# What are good "long" stories?



## bentleydev (Nov 5, 2012)

I've always been a fan of long stories personally, and was wondering what long epics are worth reading. I prefer BBW or SSBBW, but all are welcome.


----------



## zxc098 (Nov 5, 2012)

search for tank ass, i wrote it that very long and most people think its very good.

unfortunettely it is not quite finished and i haven't gotten around to finishing it but will one day


----------



## Imp (Nov 6, 2012)

Something's Gotta Give is quite long and has been well-received.


----------



## mp7251 (Nov 6, 2012)

Unexplained additions, Abundant Allison (both Dimensions), Potbelly Pa (Fantasy Feeder)


----------



## maltesefalcon (Nov 7, 2012)

Many of mine are quite long.
Whether they are good us up to you to decide.

The Fat and the Furious could possibly be the longest story on this site. Not sure though.

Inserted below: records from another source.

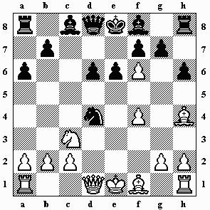 Die Hauptvariante ist: 10.Dxd4 dxe5 11.Dxd8+ Kxd8 12.fxe5 g5 13.0–0–0+
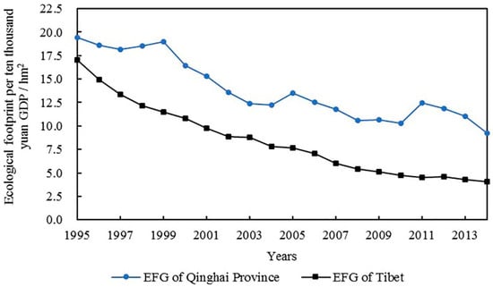 EFG of Qinghai and Tibet showed a downward trend in general from 1995 to 2014 (shown in Figure 4). It revealed that the resource utilization efficiency and the level of economic development of Qinghai and Tibet continuously improved. This result can also prove that both Qinghai and Tibet are devoted to upgrading industry structures, improving energy use efficiency, and increasing capital and technology investment in dealing with pollution. The EFG of Qinghai was much higher than that of Tibet, which indicates that the resource utilization efficiency of Qinghai was higher than Tibet.
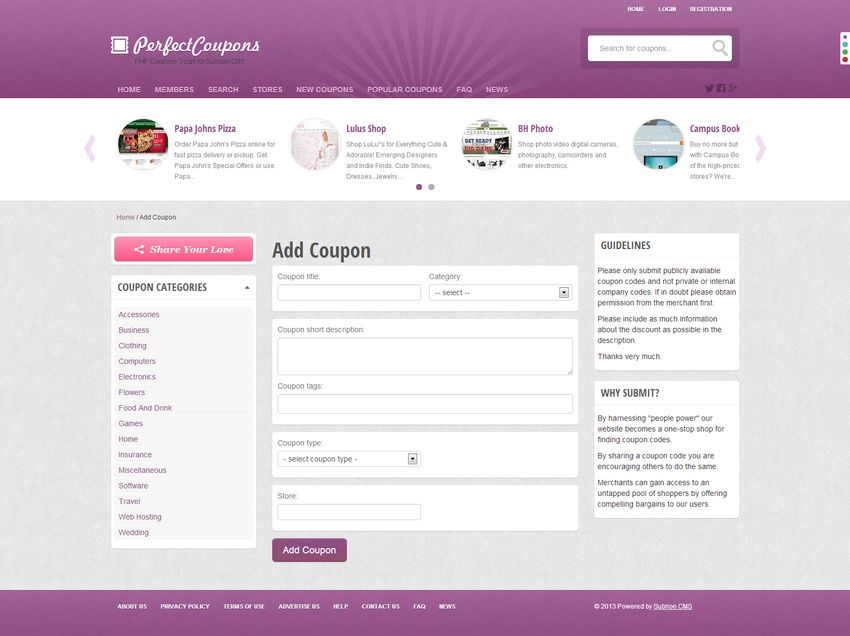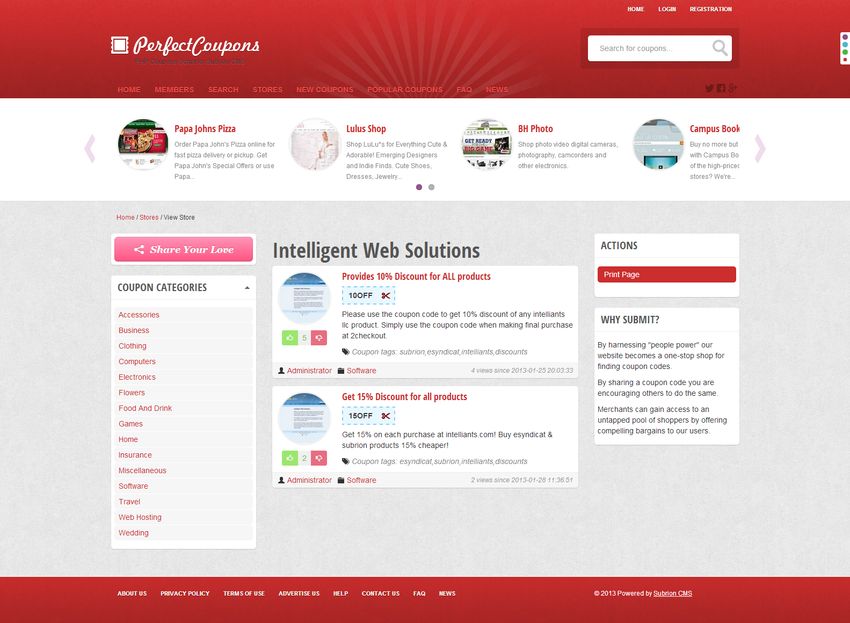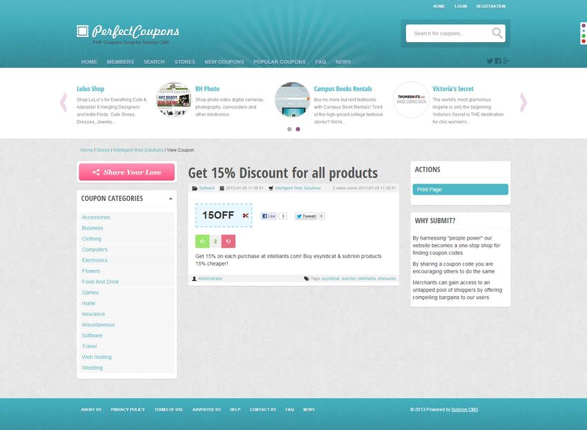 ModsGuru coupons script is the powerful php coupons script that is built on top of Subrion Open Source CMS. You can easily create a website like retailmenot.com without any technical knowledge. Coupons script does the work for you.
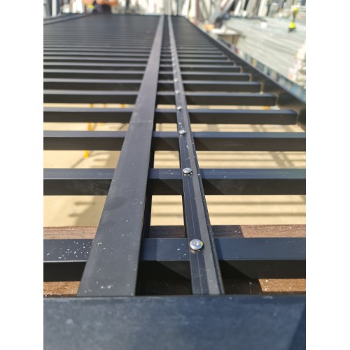 The security bars are 25mm x 25mm and 1.2mm thick powder coated aluminum. The horizontal rails can be mounted anywhere you like on the bars to allow attaching to your frame easy.
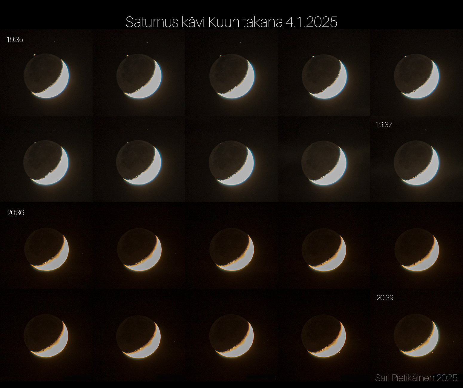”Ilta vaikutti umpipilviseltä, mutta kummallisesti pilvet olivat hävinneet noin puoli tuntia ennen Saturnuksen okkultaatiota. Onneksi olin jo vienyt kaukoputken parvekkeelle jäähtymään niin pystyin havaitsemaan ensimmäistä kertaa planeetan peittymistä Kuun taakse. <…> Saturnuksen esiintulo Kuun takaa jäi pilvien ja lumisateen taakse.”
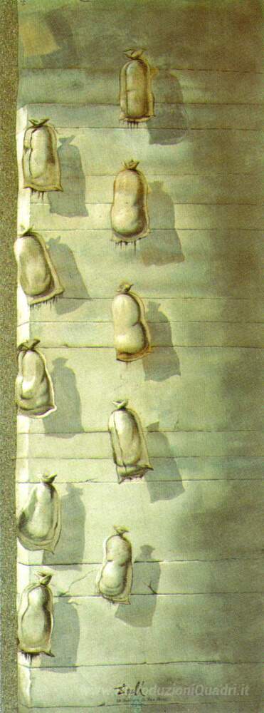 Ti offriamo una riproduzione artigianale su tela dell'opera famosa 'Scenografia per il balletto 'Los Sacos Del Molinero'' di Salvador Dali, dal Museo delle Riproduzioni.

Just search for maltesefalcon and you'll get them here.


----------



## snr6424 (Nov 7, 2012)

Voluptuous Ladies is a great long story

http://www.dimensionsmagazine.com/forums/showthread.php?t=41796


----------



## Big Beautiful Dreamer (Nov 8, 2012)

By far my favorite long BBW story is "Gaining Confidence" by Charisa:

http://www.dimensionsmagazine.com/forums/showthread.php?t=9810&


----------



## acadm (Nov 8, 2012)

the "alice" series, by mollycoddles. probably one of the great "long" stories of all time. http://www.angelfire.com/weird2/mcoddles/stories.html. More sections are available here or on fantasy feeder. Also check out "The Trainer" by Uncle Jack and "Coming Home" by dan422 (forgetting his name)


----------



## Lardibutts (Nov 9, 2012)

For me three of the best classic long stories in the Dims library are: 
Wilson Barber's "The Weight Loss Camp" 
"Cakes and Innocence" by Caloriequest and
"Hotel New Orleans" by Casso

The last long story I posted was "Chocolate Lovers"


----------